Department of Electrical Engineering and Computer Science, Massachusetts Institute of Technology, Cambridge, Massachusetts 02139, USA.
Genome Res. 2011 Nov;21(11):1916-28. doi: 10.1101/gr.108753.110. Epub 2011 Oct 12.
The degeneracy of the genetic code allows protein-coding DNA and RNA sequences to simultaneously encode additional, overlapping functional elements. A sequence in which both protein-coding and additional overlapping functions have evolved under purifying selection should show increased evolutionary conservation compared to typical protein-coding genes--especially at synonymous sites. In this study, we use genome alignments of 29 placental mammals to systematically locate short regions within human ORFs that show conspicuously low estimated rates of synonymous substitution across these species. The 29-species alignment provides statistical power to locate more than 10,000 such regions with resolution down to nine-codon windows, which are found within more than a quarter of all human protein-coding genes and contain ∼2% of their synonymous sites. We collect numerous lines of evidence that the observed synonymous constraint in these regions reflects selection on overlapping functional elements including splicing regulatory elements, dual-coding genes, RNA secondary structures, microRNA target sites, and developmental enhancers. Our results show that overlapping functional elements are common in mammalian genes, despite the vast genomic landscape.

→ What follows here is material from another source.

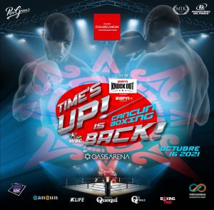 Cancún, Q. Roo, Viernes 17  de Septiembre de 2021, poderycrítica.-  Tras casi un año de inactividad pugilística en la internacional “Oasis Arena Cancún”, las empresas “Cancun Boxing”, “Promociones del Pueblo” y “Boxing Time Promotions”, anuncian su reaparición en alianza con la gala “Time’s up Cancun Boxing is Back” que se disputará el próximo sábado 16 de octubre con importantes contiendas, entre ellas, algunas de campeonatos.

遗传密码的简并性允许蛋白质编码的 DNA 和 RNA 序列同时编码额外的、重叠的功能元件。在纯化选择下进化出蛋白质编码和额外重叠功能的序列,与典型的蛋白质编码基因相比,应该表现出更高的进化保守性——尤其是在同义位点。在这项研究中,我们使用了 29 种胎盘哺乳动物的基因组比对,系统地定位了人类 ORF 内的短区域,这些区域在这些物种中表现出明显较低的同义替代估计率。29 种物种的比对提供了统计能力,能够以分辨率为 9 个密码子窗口定位超过 10000 个这样的区域,这些区域存在于超过四分之一的人类蛋白质编码基因中,包含它们约 2%的同义位点。我们收集了大量证据表明,这些区域观察到的同义约束反映了对重叠功能元件的选择,包括剪接调控元件、双编码基因、RNA 二级结构、microRNA 靶位点和发育增强子。我们的结果表明,尽管基因组景观广阔,但重叠的功能元件在哺乳动物基因中很常见。